*What this task involves*
Restate exactly the lines below, from the one containing "RP; Kids playing along a stream, 1901-07" through the final line, and leave out the pictures.
----
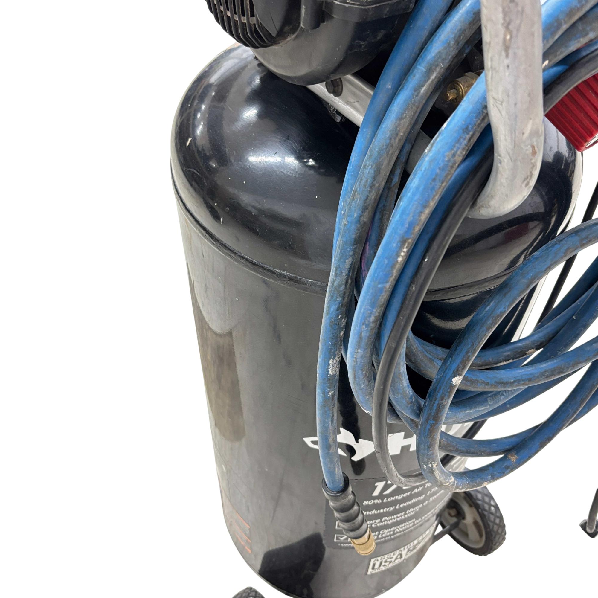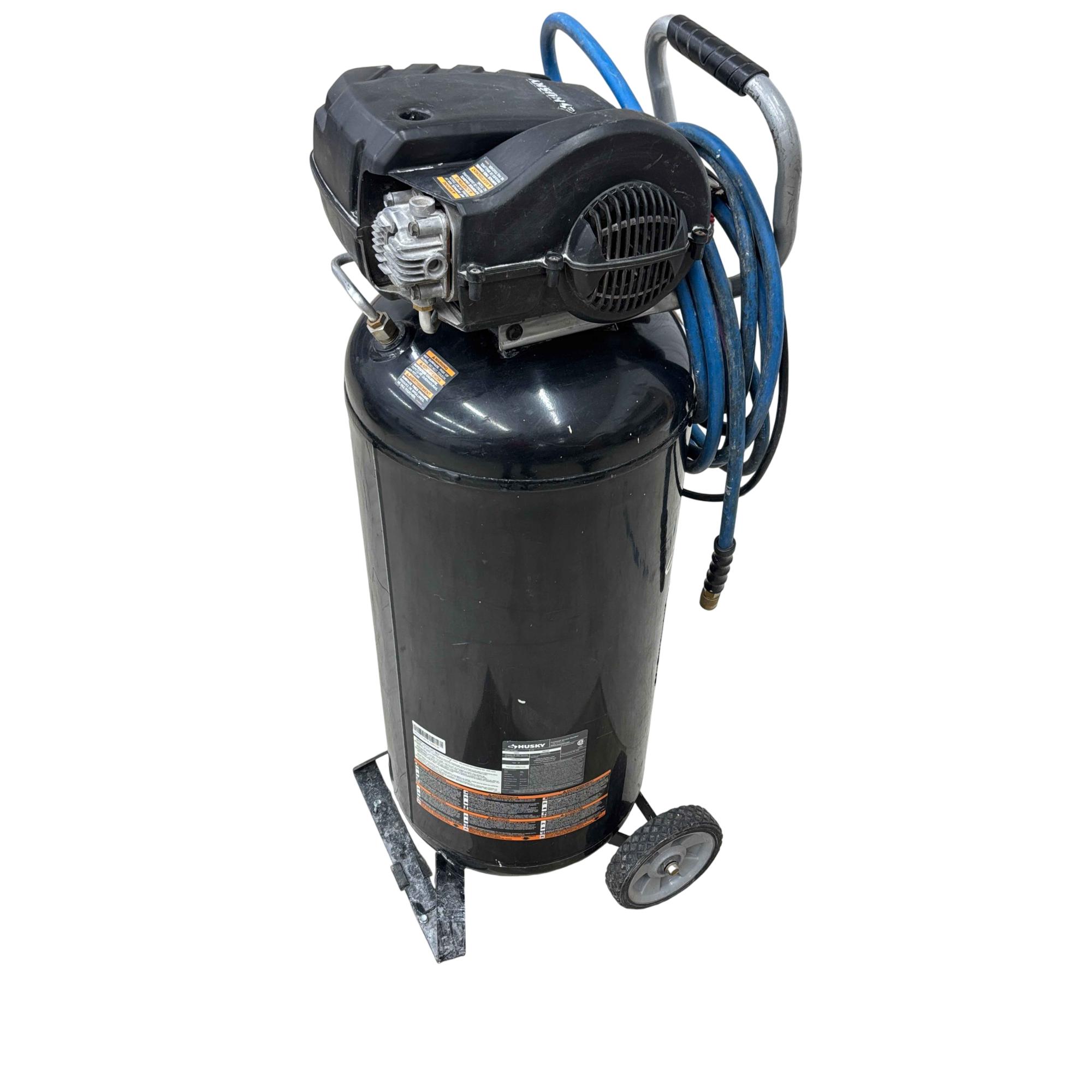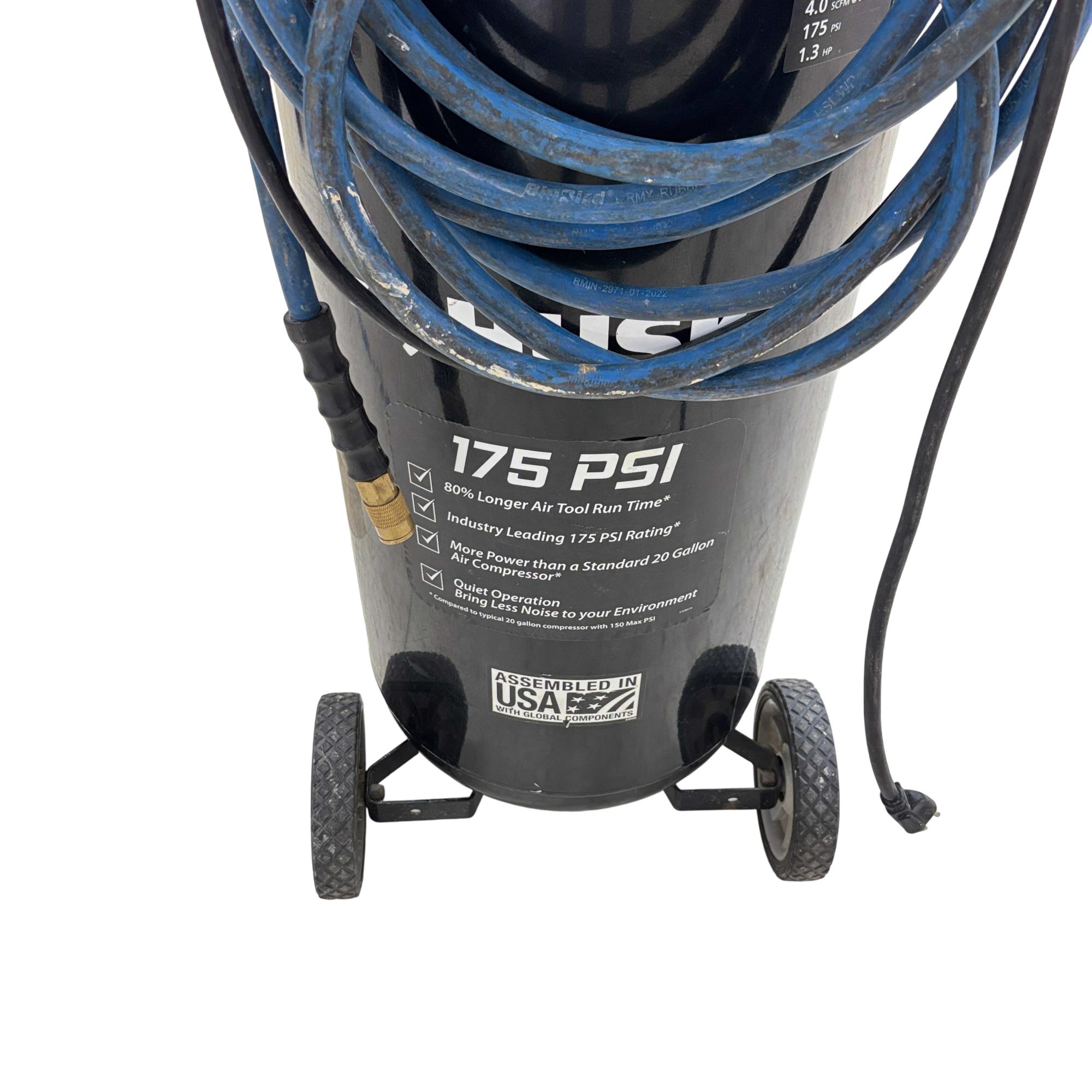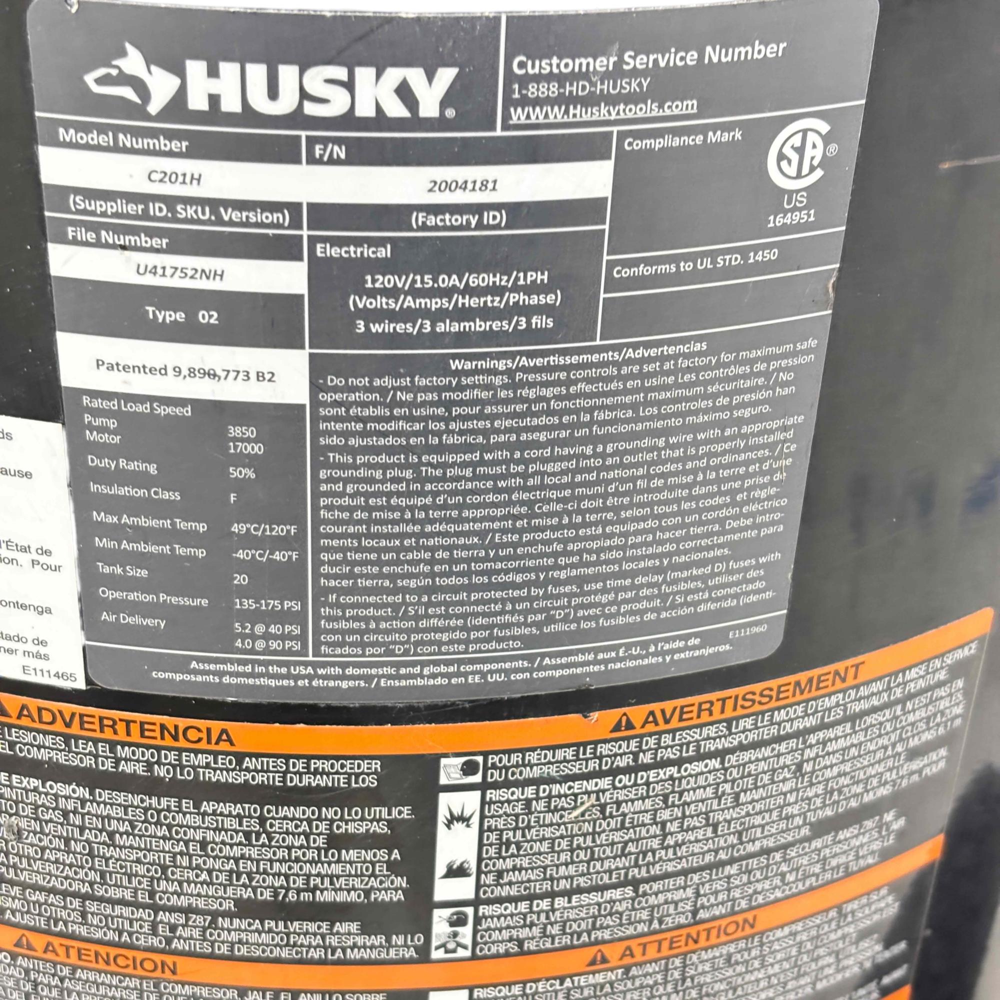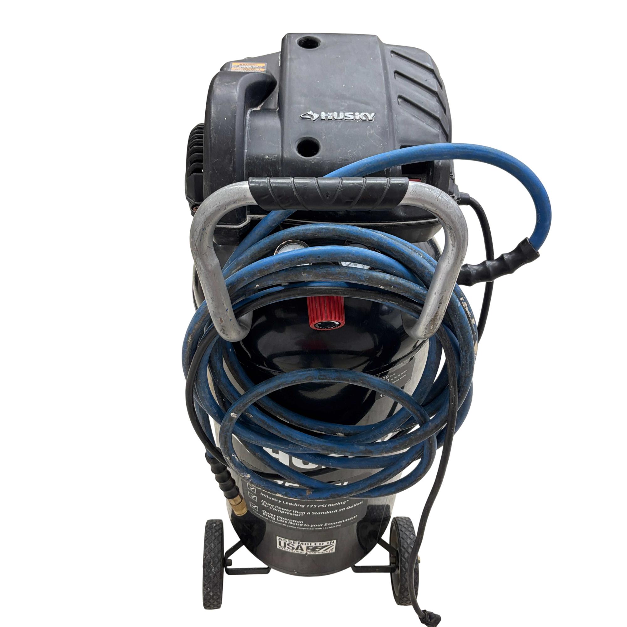 The Husky C201H 20 Gallon 175 PSI Portable Electric Air Compressor delivers reliable, oil-free performance with a 20-gallon vertical tank and a maximum pressure of 175 PSI. Its durable design features a powerful 120V motor and compliance with UL standards, ensuring safe and efficient operation for a variety of pneumatic tasks. This compressor is assembled in the USA using domestic and global components, optimized for both professional and home use.
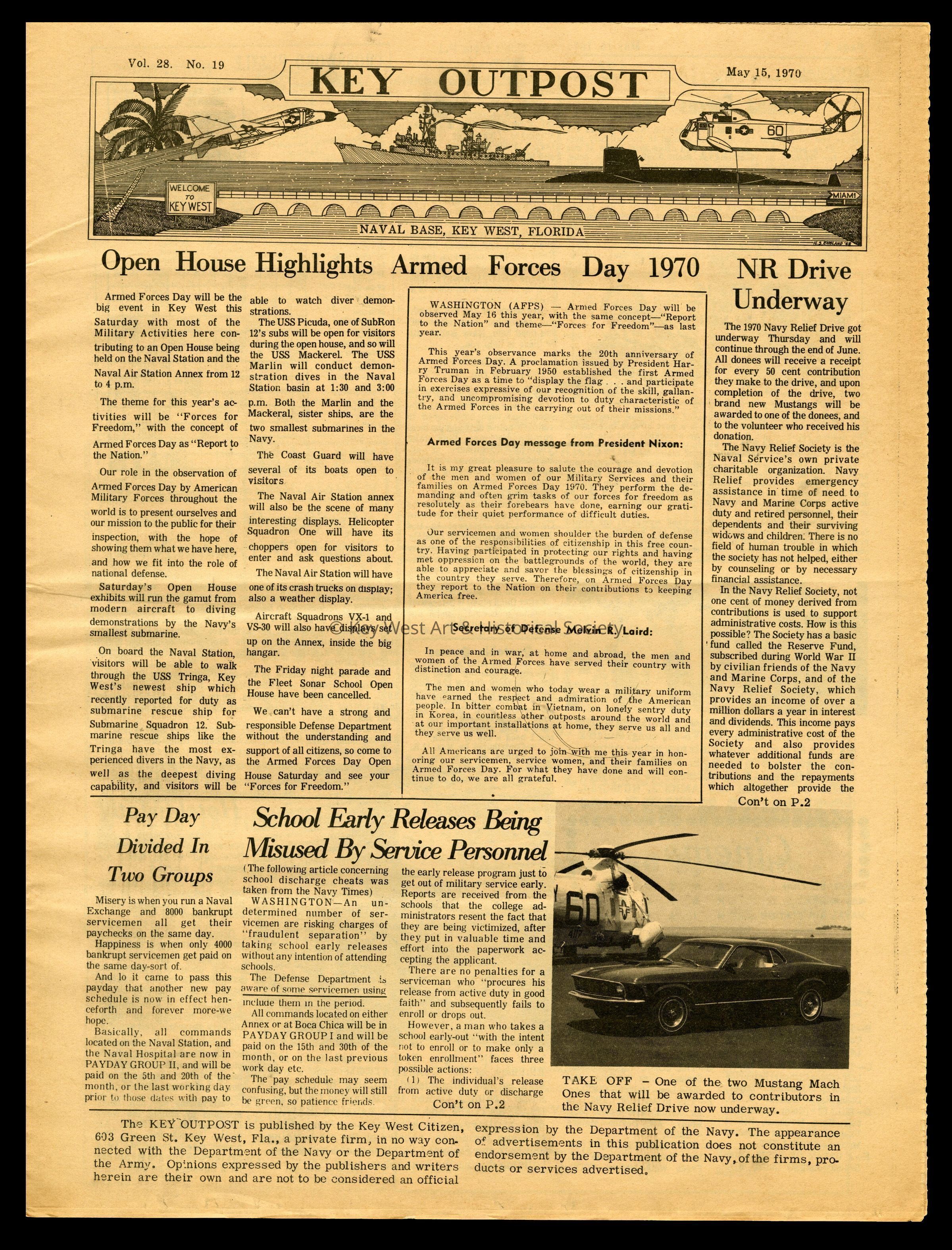 The May 15, 1970 edition of the 'Key Outpost' Newspaper printed by Naval Station Key West as an internal newsletter for military and civilians on base. Volume 28, Number 19. Twelve pages.Collection
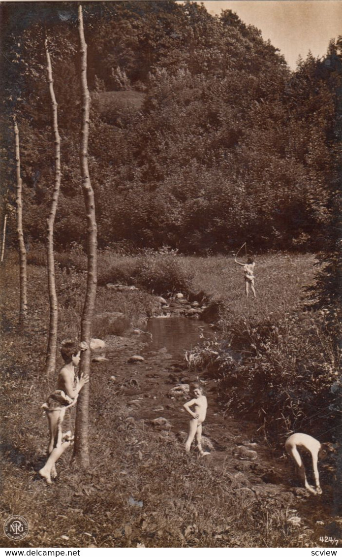 RP; Kids playing along a stream, 1901-07
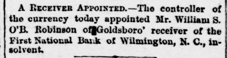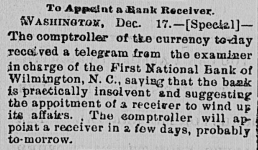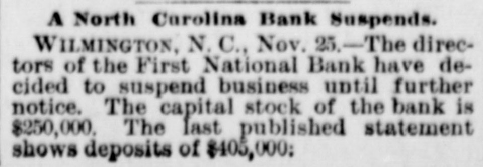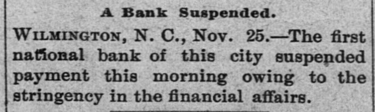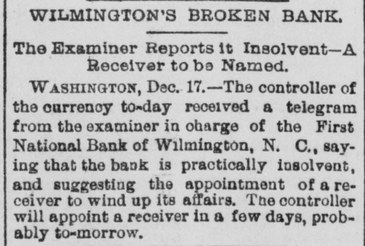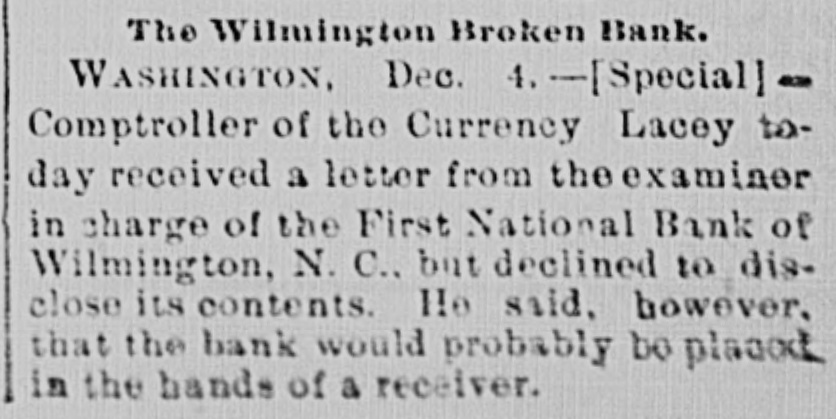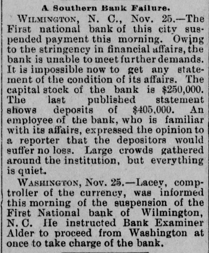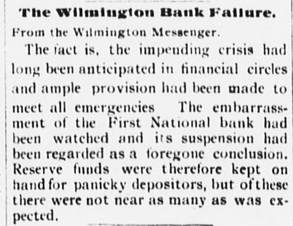 The Wilmington Bank Failure. From the Wilmington Messenger. The fact is, the impending crisis had long been anticipated in financial circles and ample provision had been made to meet all emergencies The embarrassment of the First National bank had been watched and its suspension had been regarded as a foregone conclusion. Reserve funds were therefore kept on hand for panicky depositors, but of these there were not near as many as was expected.
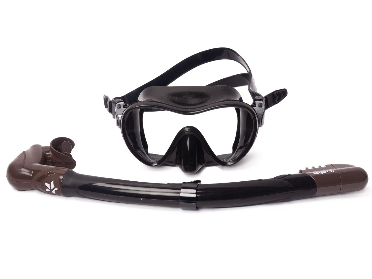 Комплект Сарган Агидель BLACK ! TYPE (маска+трубка) черно-коричневый для подводной охоты, купить в подводном магазине Водолаз.РФ
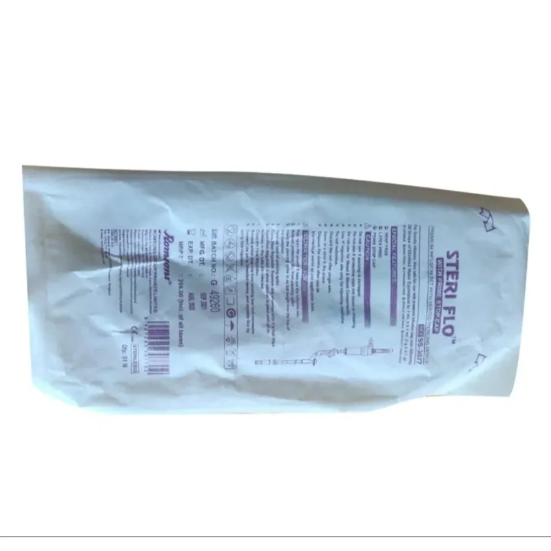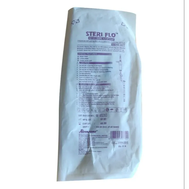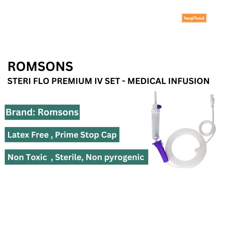 Romsons Steri Flo Premium IV Set is a high-quality infusion set used for safe and smooth intravenous fluid administration. It comes with a sharp piercing spike, allows easy insertion into IV containers, ensuring a hassle-free setup. Its vented design with a 1.
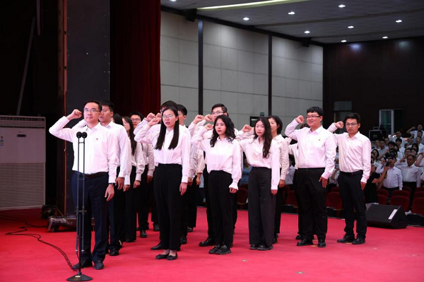 塔里木大学党委副书记、校长闫祥林带领与会教师庄严宣誓。
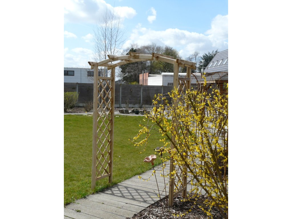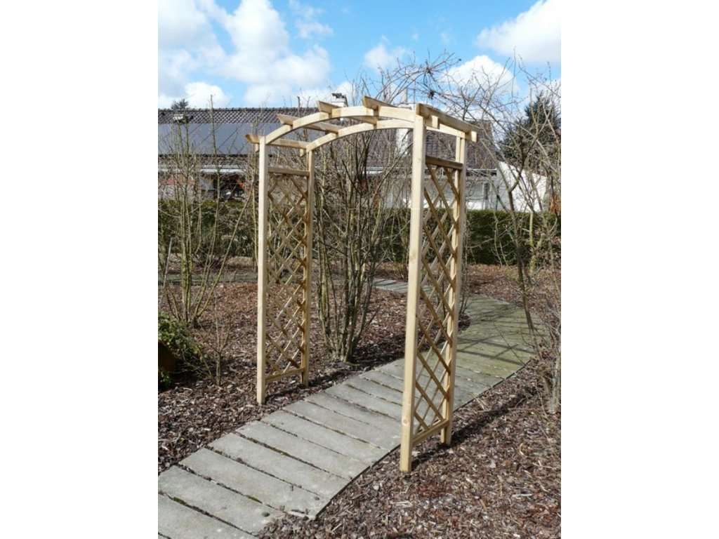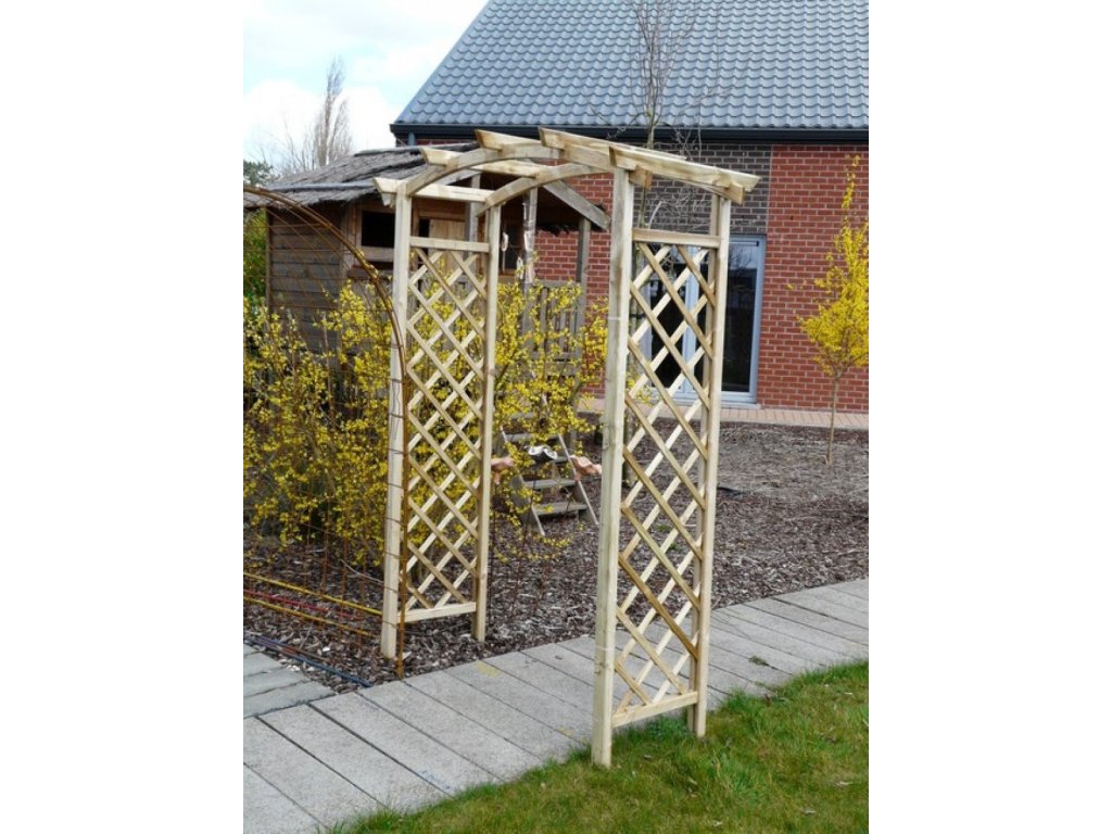 Vysoko kvalitná drevená pergola, resp. oblúk na ruže na ruže (na popínavé rastliny) môže byť zaujímavým dizajnovým prvkom vašej záhrady. Pre rastliny ponúka stabilnú základňu a akonáhle rastliny prerastú oblúkom vytvoria príjemnú časť záhrady. Tento ružový záhradný oblúk je vyrobený zo zeleno impregnovaného borovicového dreva extrémnej hrúbky 4,5 cm.
----
*Task result*
 RP; Kids playing along a stream, 1901-07
 The Wilmington Bank Failure. From the Wilmington Messenger. The fact is, the impending crisis had long been anticipated in financial circles and ample provision had been made to meet all emergencies The embarrassment of the First National bank had been watched and its suspension had been regarded as a foregone conclusion. Reserve funds were therefore kept on hand for panicky depositors, but of these there were not near as many as was expected.
 Комплект Сарган Агидель BLACK ! TYPE (маска+трубка) черно-коричневый для подводной охоты, купить в подводном магазине Водолаз.РФ
 Romsons Steri Flo Premium IV Set is a high-quality infusion set used for safe and smooth intravenous fluid administration. It comes with a sharp piercing spike, allows easy insertion into IV containers, ensuring a hassle-free setup. Its vented design with a 1.
 塔里木大学党委副书记、校长闫祥林带领与会教师庄严宣誓。
 Vysoko kvalitná drevená pergola, resp. oblúk na ruže na ruže (na popínavé rastliny) môže byť zaujímavým dizajnovým prvkom vašej záhrady. Pre rastliny ponúka stabilnú základňu a akonáhle rastliny prerastú oblúkom vytvoria príjemnú časť záhrady. Tento ružový záhradný oblúk je vyrobený zo zeleno impregnovaného borovicového dreva extrémnej hrúbky 4,5 cm.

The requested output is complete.